I would never try and prove the truthfulness of the gospel or descend to debating points of doctrine.  I know how personal faith is.  I know from my own experience in finding the foundation that I have built my own testimony and remember to when I had to let go of my parents testimony and answer for myself what I knew to be true and what I didn't.  I also remember in that moment turning to my parents and my mom saying to me with love in her voice "you need to find out for you...I can't do this for you anymore but I am here if you have questions or want to talk but know this!...you will always be my son and I will always love you no matter what you choose or what ever path you decide to walk"  It was in that love that I took my first steps into the darkness and at times lost my way midst the fog and haze but it was also in that love that I saw the light and was able to step on solid ground and take my place with my hand firmly grasping the 'iron rod'.

If anything my brother's revelation about his unbelief has made Anna and I take a harder look at ourselves and has made us ask "Where do we stand?" and "What do we really believe?".  It has made our nieces and nephews question if they would still go to church each Sunday if their parents weren't waking them up to get ready or going with them.  It has made me ask myself "Whose side are you on?" and "If you know, how are you showing it?"  It has made us take inventory of our beliefs and our goals and our lives.  We have come to realize that in the last days that even the faithful will fall away and this time it just hit a little closer to home and gave us a very clear wake-up call.

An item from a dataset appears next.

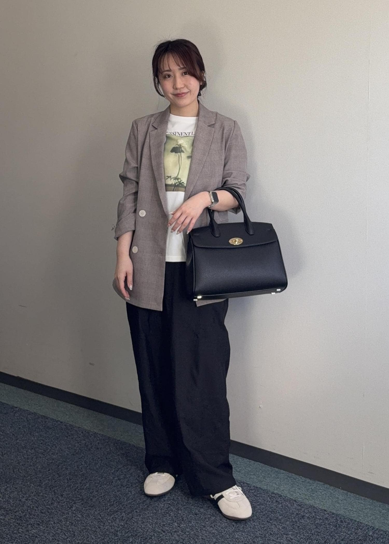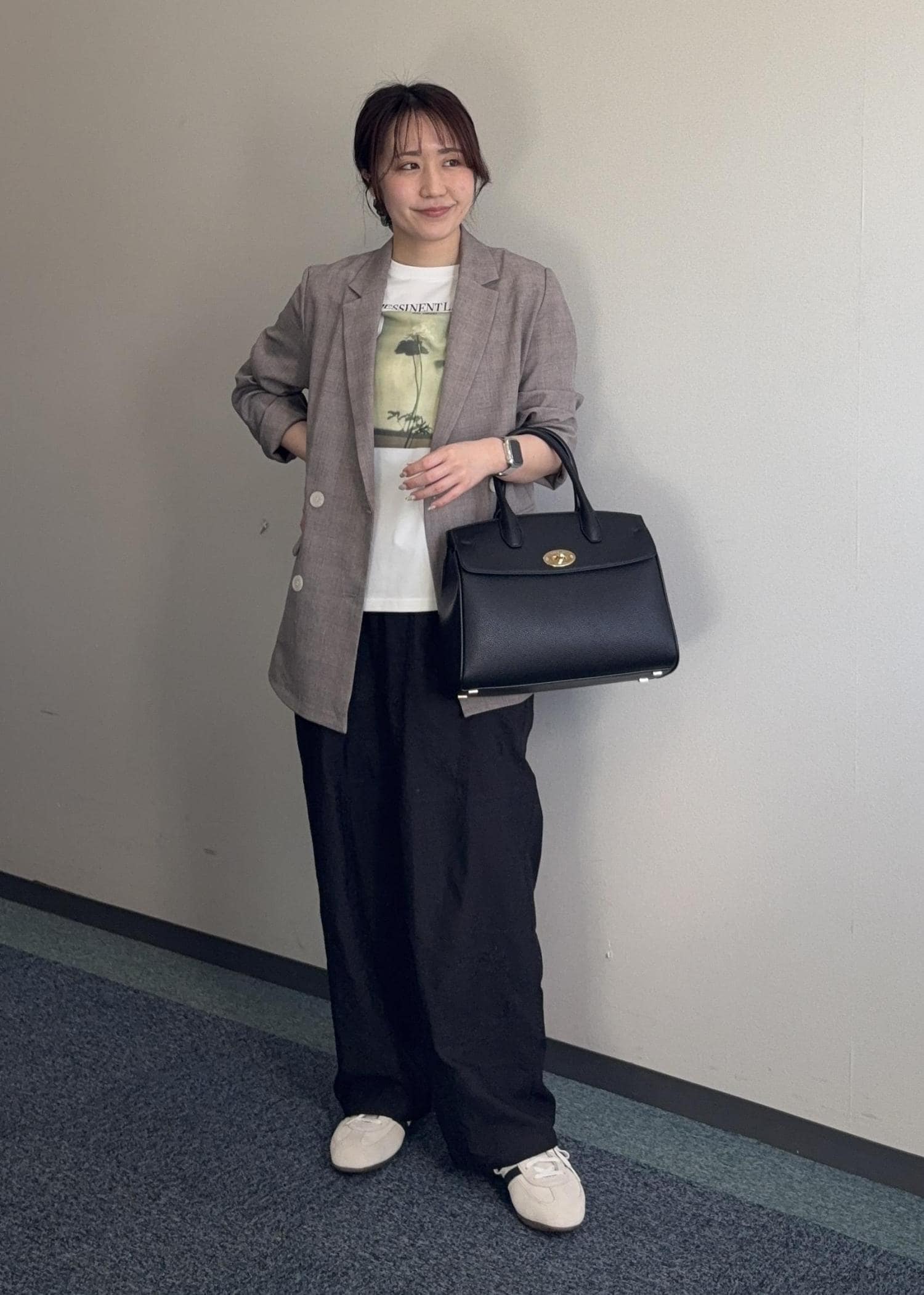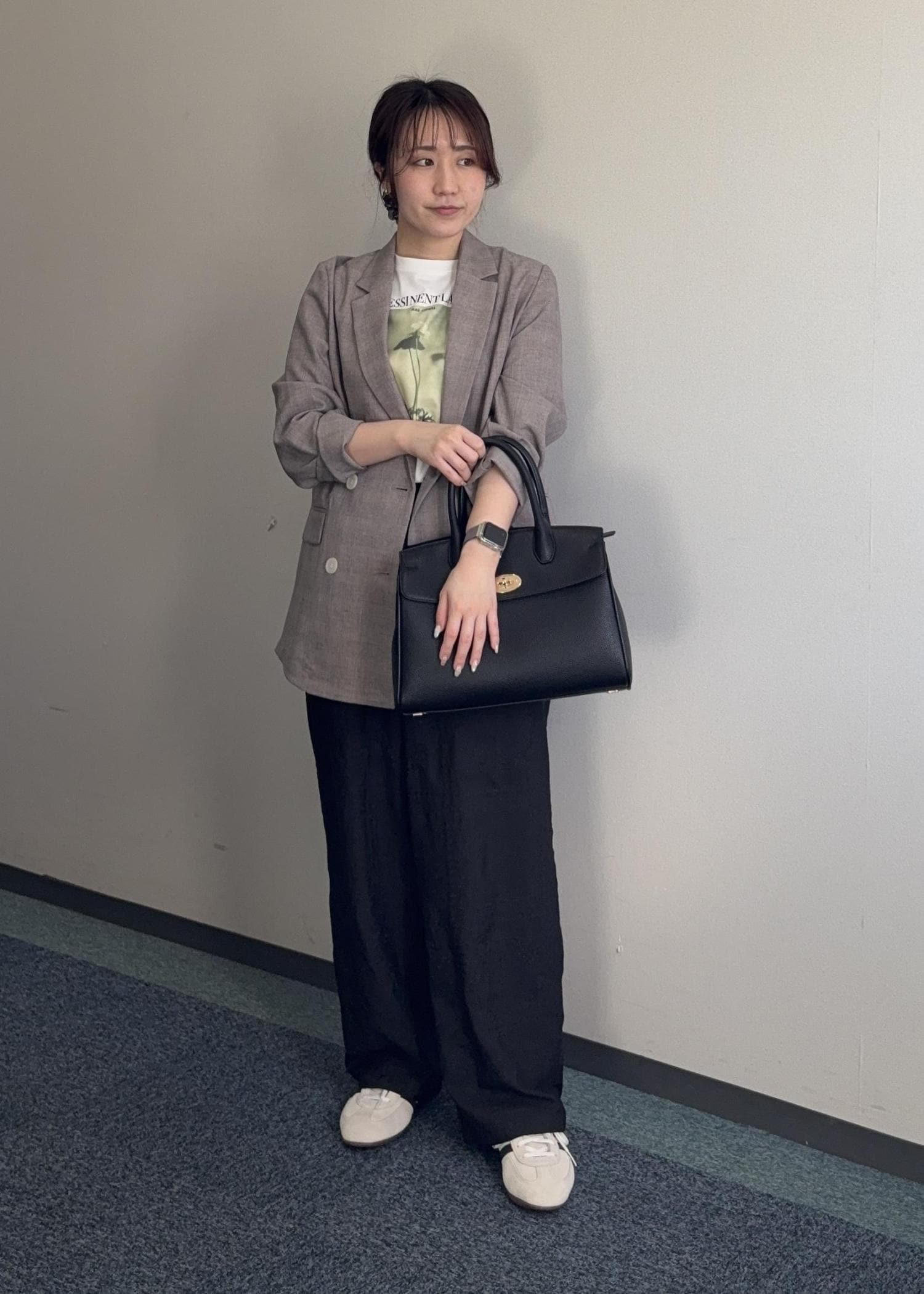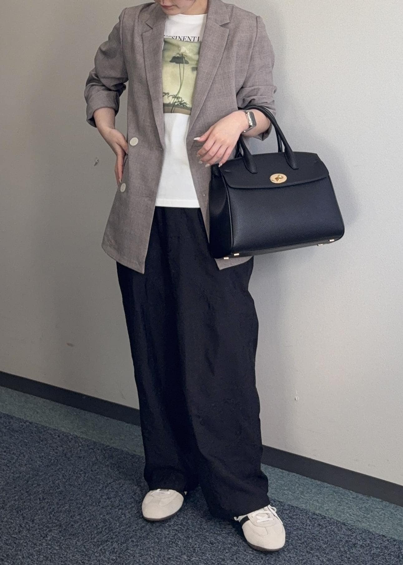 チェックジャケットとレースパンツを合わせ、全体的にゆったりとしたシルエットのコーディネート。スニーカーでカジュアル要素も取り入れました。

This subject, these questions have been on our mind constantly and I believe led to a very special experience for me this past week.  I went to bed as normal and although I am sure I dream often don't always remember what I dream.  On this particular night I woke within a dream and in the dream there were standing over me and Anna two men who roughly took us out of our bed and as we shakily knelt facing each other on opposite sides of the bed with fear and tears streaming down our face and a gun to my head...they were shouting things and threatening us but I didn't hear because in this instance I was focused on my thoughts and everything else was muted and in slow motion.  I thought Daniel raise your arm to the square and use your priesthood to caste them out and command them to leave and then immediately I was filled with doubt and it was as if someone asked me
"Do you believe the priesthood could do that?"
"Do you believe they would obey the priesthood?"
"Do you have the faith that it would take to have the priesthood act?"
"What if it isn't God's will to have them leave? What if you say it and nothing happens but it had nothing to do with the Priesthood or faith but was simply God's will and your wife and girls are killed is this what is going to make you turn your back on the gospel and walk away?"
but...and this is key here...in response to these doubt filled questions I heard myself responding.  I heard myself answering the questions that YES I had enough faith and YES they would respond if it was God's will and the fact that I even thought to raise my arm showed the faith at least the size of a mustard seed.  I found myself in the dream raising my head to look at my wife whom I love above all else and in that moment that our eyes met knowing that I had made my choice a long time ago.  I had chosen this woman who was kneeling across from me.  I had chosen those girls who slept a few steps away.  I had chosen whose side I was on and it was the Lord's!  It was in that moment that I literally shouted Anna's name waking both her and I from our sleep.

As I lay there obviously disturbed by the dream I couldn't get back to sleep and got up from my bed to go downstairs and lock up the house and check on everything to make sure it was safe and sound.  I thought the thought that had been plaguing me for months that I needed to bless the house as we hadn't done it since moving in over a year ago.  After making sure everything was okay I went into the living room (my favorite place to pray as it seems to be the sacred ground in our house.  A place for gospel talks, home teachers, blessings and family gatherings) and knelt down before the Lord and laid my burdens at his feet.  In closing I said "let me go back to sleep knowing You and Your angels are watching over me and my family"  I quickly rose and headed for the stairs only to be stopped in my tracks with the thought that how was I ever going to hear the Lord answer my prayers if I didn't take the time to let him talk as Becki had always told me to do.  So I stopped and clear as day, believe what you want, but clear as day I heard the words from a hymn say "Fear not I am with you, oh be not dismayed, for I am your God and will still give you aid".  You can imagine the feeling in that living room which to me feels often like sacred ground and I was overwhelmed that my Lord knew me in that moment and He knew as did I whose side I was on!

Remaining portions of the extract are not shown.